Task prompt: Your copy should start at the line with "Below is a mural" and end at the line with "ハイネック+パールボタンでアクセなしでも華やかになる" in the data below. Transcribe only those lines, exactly, pictures excluded.

Provided entries:
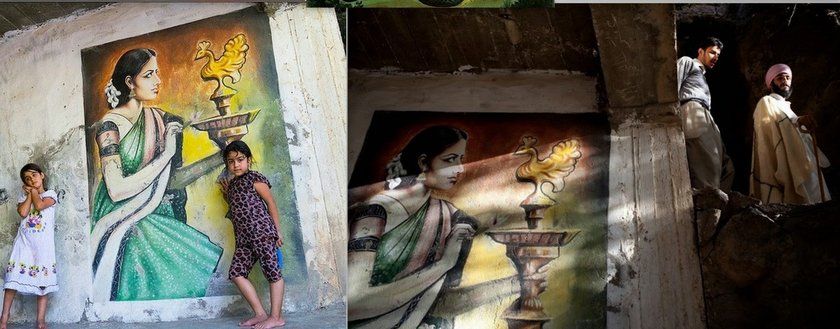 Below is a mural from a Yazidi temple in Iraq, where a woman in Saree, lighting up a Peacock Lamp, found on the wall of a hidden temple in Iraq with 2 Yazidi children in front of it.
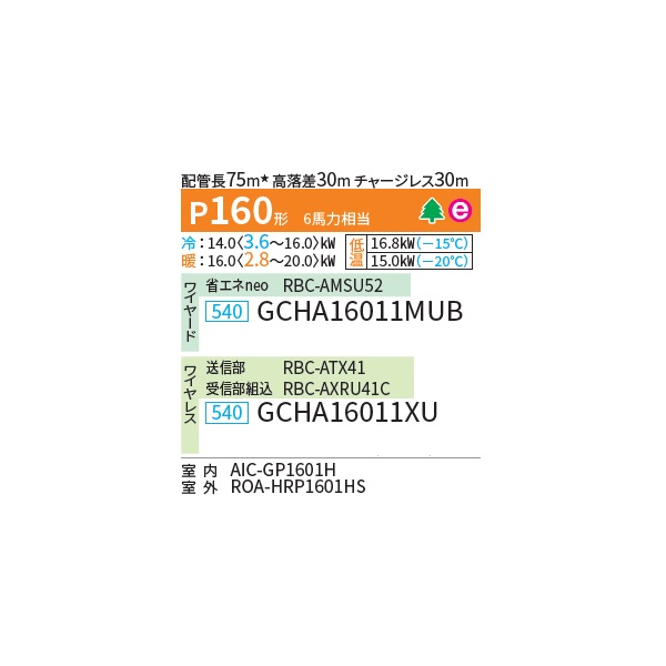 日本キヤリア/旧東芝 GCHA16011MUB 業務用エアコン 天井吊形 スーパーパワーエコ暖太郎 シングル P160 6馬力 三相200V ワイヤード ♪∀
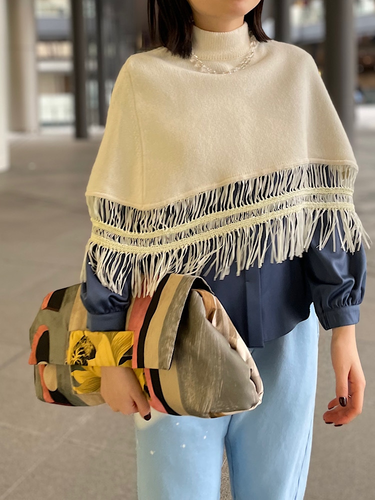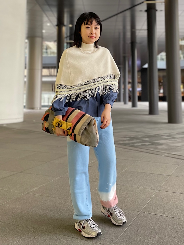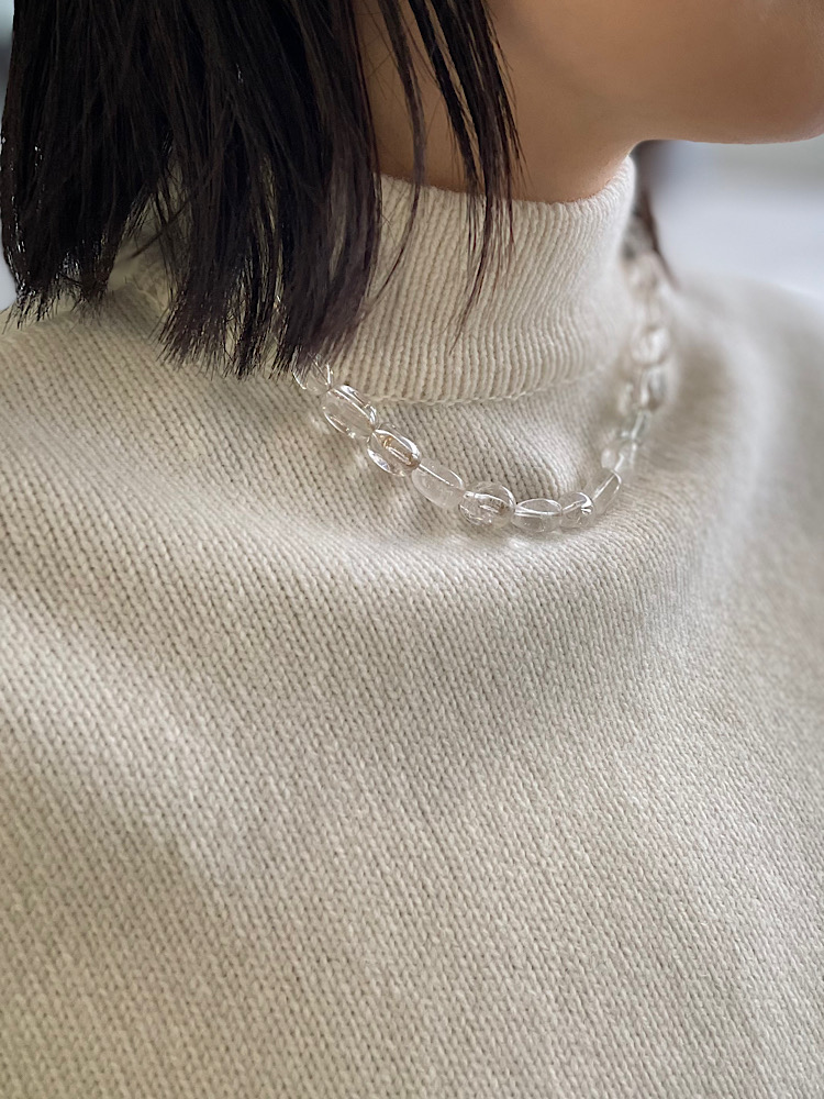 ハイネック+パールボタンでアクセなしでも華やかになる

--

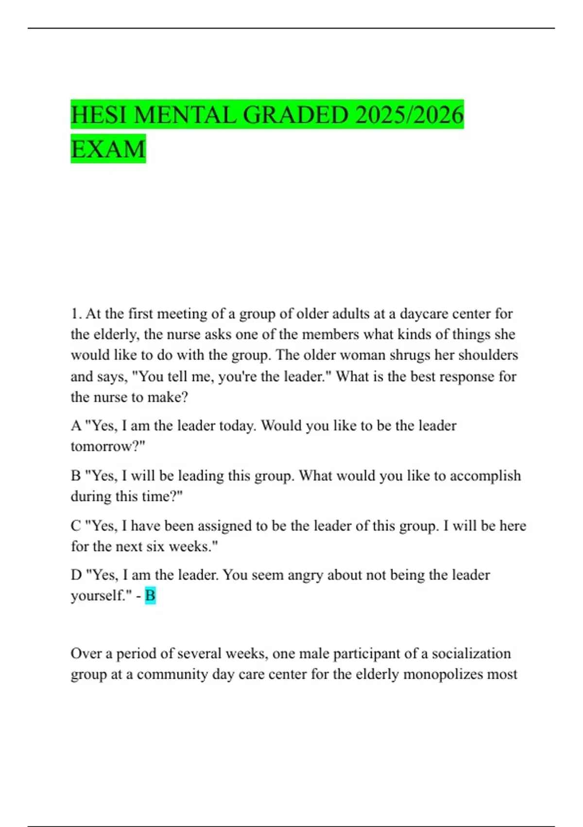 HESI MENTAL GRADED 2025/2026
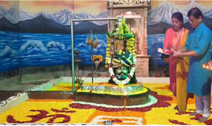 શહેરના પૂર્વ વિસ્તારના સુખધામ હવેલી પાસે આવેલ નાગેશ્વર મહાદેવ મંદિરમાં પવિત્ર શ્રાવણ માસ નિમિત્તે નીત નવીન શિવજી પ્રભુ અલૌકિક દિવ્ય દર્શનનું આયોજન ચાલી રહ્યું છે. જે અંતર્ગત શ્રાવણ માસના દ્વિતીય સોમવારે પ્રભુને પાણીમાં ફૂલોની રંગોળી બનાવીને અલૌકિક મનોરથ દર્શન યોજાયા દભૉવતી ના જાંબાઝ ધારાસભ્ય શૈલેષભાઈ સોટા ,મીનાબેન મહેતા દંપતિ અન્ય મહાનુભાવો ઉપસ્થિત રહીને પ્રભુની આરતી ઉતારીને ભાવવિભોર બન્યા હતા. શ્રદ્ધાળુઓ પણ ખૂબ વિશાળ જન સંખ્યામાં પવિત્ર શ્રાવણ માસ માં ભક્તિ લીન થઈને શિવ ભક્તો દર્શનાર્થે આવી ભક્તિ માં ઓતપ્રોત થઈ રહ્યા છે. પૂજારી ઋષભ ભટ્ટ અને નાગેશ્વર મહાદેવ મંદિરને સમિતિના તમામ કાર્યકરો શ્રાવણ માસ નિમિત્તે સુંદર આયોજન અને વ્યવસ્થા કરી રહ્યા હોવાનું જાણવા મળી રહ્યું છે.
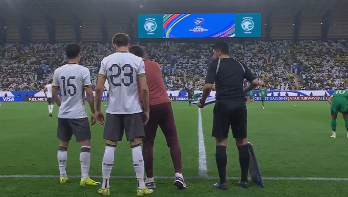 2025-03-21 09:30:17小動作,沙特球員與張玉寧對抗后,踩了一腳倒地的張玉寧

---

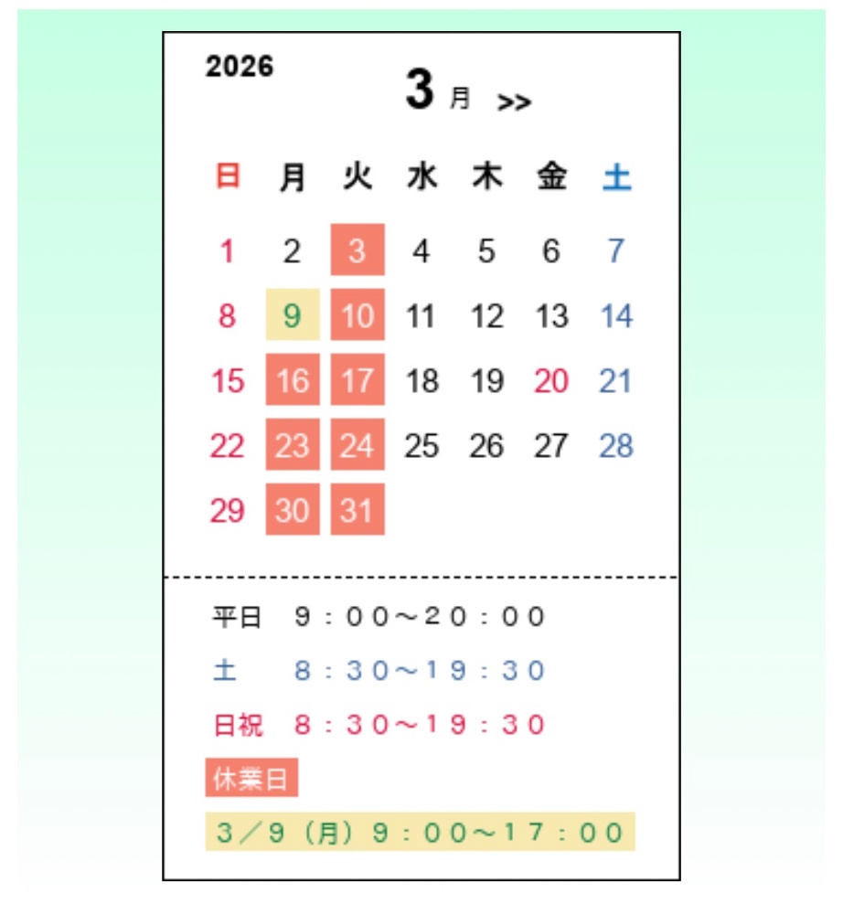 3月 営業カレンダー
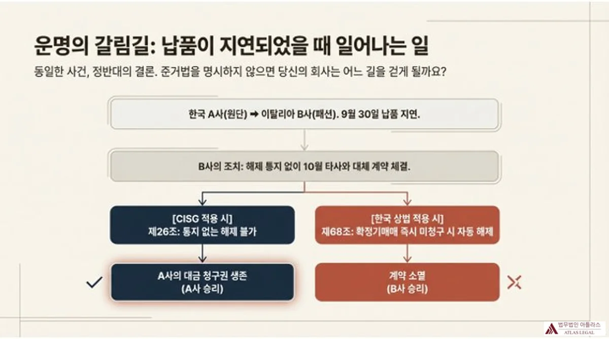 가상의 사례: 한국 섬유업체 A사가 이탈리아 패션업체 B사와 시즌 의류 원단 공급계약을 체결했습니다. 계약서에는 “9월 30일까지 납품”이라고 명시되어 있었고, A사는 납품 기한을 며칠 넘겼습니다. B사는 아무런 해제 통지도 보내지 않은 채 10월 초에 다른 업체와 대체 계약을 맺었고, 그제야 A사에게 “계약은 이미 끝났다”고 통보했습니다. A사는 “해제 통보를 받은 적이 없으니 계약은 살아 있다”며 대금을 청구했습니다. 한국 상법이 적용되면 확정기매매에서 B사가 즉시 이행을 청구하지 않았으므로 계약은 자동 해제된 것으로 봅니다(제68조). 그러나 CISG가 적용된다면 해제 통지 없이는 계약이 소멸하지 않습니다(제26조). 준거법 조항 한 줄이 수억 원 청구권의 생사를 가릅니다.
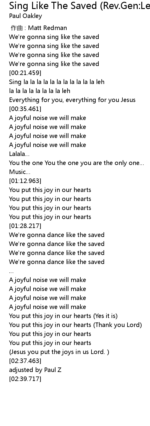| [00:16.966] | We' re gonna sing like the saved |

Your response:
 Below is a mural from a Yazidi temple in Iraq, where a woman in Saree, lighting up a Peacock Lamp, found on the wall of a hidden temple in Iraq with 2 Yazidi children in front of it.
 日本キヤリア/旧東芝 GCHA16011MUB 業務用エアコン 天井吊形 スーパーパワーエコ暖太郎 シングル P160 6馬力 三相200V ワイヤード ♪∀
 ハイネック+パールボタンでアクセなしでも華やかになる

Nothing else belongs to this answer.